§ **HOW TO COMPLETE THIS TASK**:
A word-for-word copy of the records is needed, with every picture left out.

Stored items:
----------

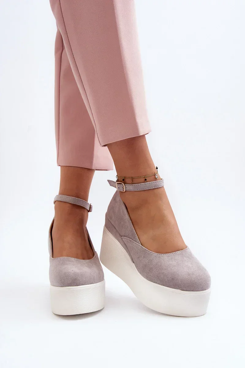 Dámské espadrilky postavené na platformě s klínkem. Vyrobeno z ekologického semiše. Zakryté, zaoblené prsty. Zapínání pomocí nastavitelného popruhu s přezkou. Tento model má měkkou vložku z ekokůže, která zajišťuje pohodlí při používání. Ideální pro jarní a letní styling! Při výběru velikosti se řiďte tabulkou velikostí.
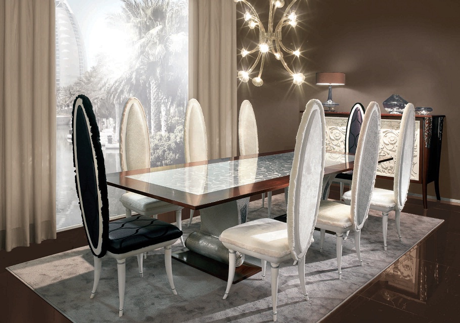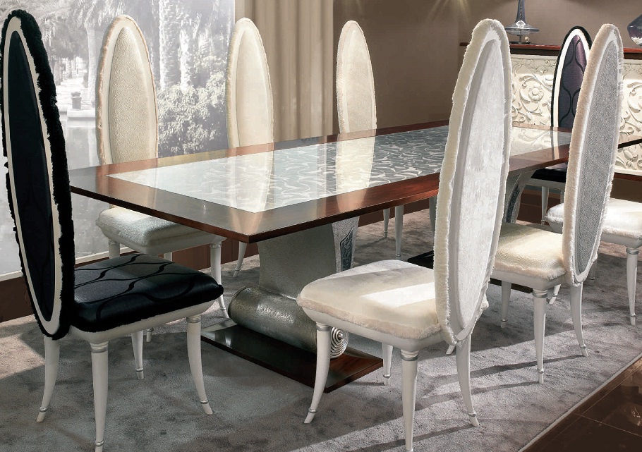 Dining table from Saraya Elledue Italian manufacturer. The frame is made from solid wood, the top wooden tabletop covered with paintings and glass, the support figure, covered with silver leaf. Color is back in stock. A great model for the dining room in glamorous and art Deco styles. The product enters the dining room set from the same collection.
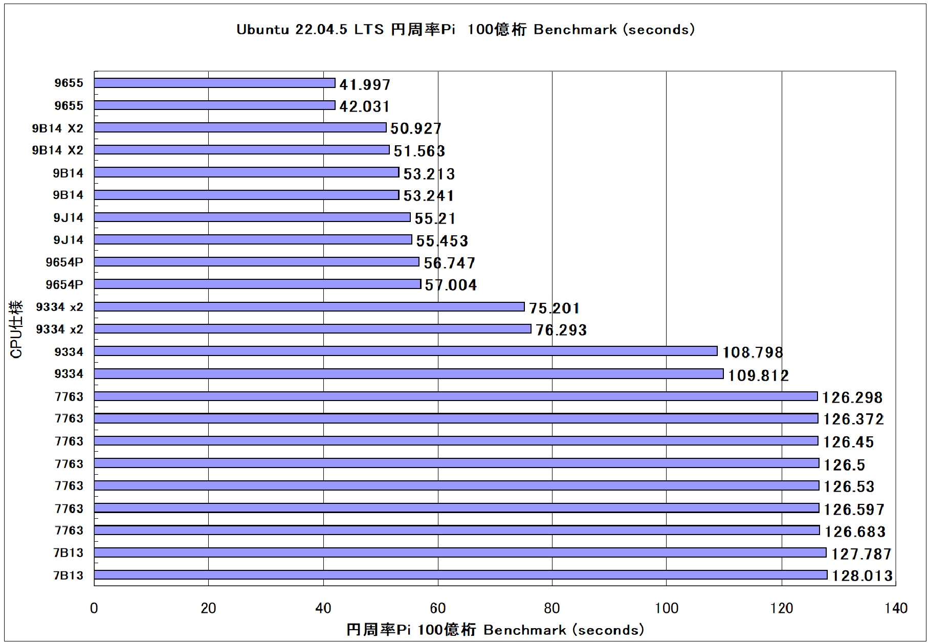 ←小さいほど短時間 AMD EPYC9655 96-Core Processor 192Threads 2.6GHZ AMD EPYC 9B14 96-Core Processr 192Threads 2.6GHZ AMD EPYC 9334 32-Core Processr 64Thread 2.7GHZ AMD EPYC 7763 64-Core Processor 128Threads 2.4GHZ AMD EPYC 7B13 64-Core Processor 128Threads 2.2GHZ
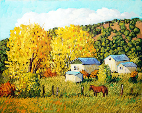 Studio No. 1117 – AUTUMN AFTERNOON (Las Trampas, New Mexico) – New 8″x10″ Original Oil on Italian Gessoed Panel, framed – Sold (Pasadena, Calif.)
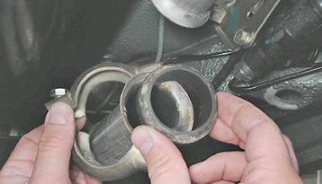 3. Снимаем хомут и извлекаем уплотнительное кольцо.

----------

§ **YOUR RESPONSE**:
 Dámské espadrilky postavené na platformě s klínkem. Vyrobeno z ekologického semiše. Zakryté, zaoblené prsty. Zapínání pomocí nastavitelného popruhu s přezkou. Tento model má měkkou vložku z ekokůže, která zajišťuje pohodlí při používání. Ideální pro jarní a letní styling! Při výběru velikosti se řiďte tabulkou velikostí.
 Dining table from Saraya Elledue Italian manufacturer. The frame is made from solid wood, the top wooden tabletop covered with paintings and glass, the support figure, covered with silver leaf. Color is back in stock. A great model for the dining room in glamorous and art Deco styles. The product enters the dining room set from the same collection.
 ←小さいほど短時間 AMD EPYC9655 96-Core Processor 192Threads 2.6GHZ AMD EPYC 9B14 96-Core Processr 192Threads 2.6GHZ AMD EPYC 9334 32-Core Processr 64Thread 2.7GHZ AMD EPYC 7763 64-Core Processor 128Threads 2.4GHZ AMD EPYC 7B13 64-Core Processor 128Threads 2.2GHZ
 Studio No. 1117 – AUTUMN AFTERNOON (Las Trampas, New Mexico) – New 8″x10″ Original Oil on Italian Gessoed Panel, framed – Sold (Pasadena, Calif.)
 3. Снимаем хомут и извлекаем уплотнительное кольцо.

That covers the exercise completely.